Não é minha intenção, ao apresentar a história deste escravo real, entreter meu leitor com as aventuras de um herói fictício, cuja vida e cujo destino a imaginação pode manipular ao bel prazer do poeta; nem tampouco, ao relatar a verdade, enfeitá-la com acontecimentos fantasiosos. Sua história vai ser narrada com simplicidade, amparada apenas por seus próprios méritos e pelos acontecimentos que ocorreram naturalmente, pois tem suficiente apoio na realidade para que se torne atraente, prescindindo dos acréscimos da imaginação.

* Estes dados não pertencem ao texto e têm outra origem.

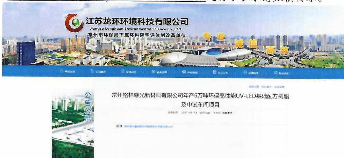
图 1 环境影响报告书征求意见稿公示

根据国家环保总局《环境影响评价公众参与办法》（部令第4号）的要求，2021年9月14日在江苏龙环环境科技有限公司网站 http://www.longhuanhj.com/news/3094.html 进行了征求意见稿公示。

Eu mesma fui testemunha ocular de grande parte daquilo que aqui será narrado. O que não testemunhei, ouvi da boca do principal protagonista desta história, o próprio herói, que narrou todos os acontecimentos de sua juventude, embora eu tenha omitido, por questão de brevidade, milhares de pequenos incidentes de sua vida os quais, por mais agradáveis que tivessem sido a meu ouvido numa época em que eram raras as histórias, poderão acabar sendo enfadonhos para meu leitor, que vive num mundo onde a cada instante pode encontrar diversões novas e raras. Como o caráter deste grande homem me encantava, eu não perdia oportunidade para saciar minha curiosidade,  recolhendo os menores detalhes de sua vida.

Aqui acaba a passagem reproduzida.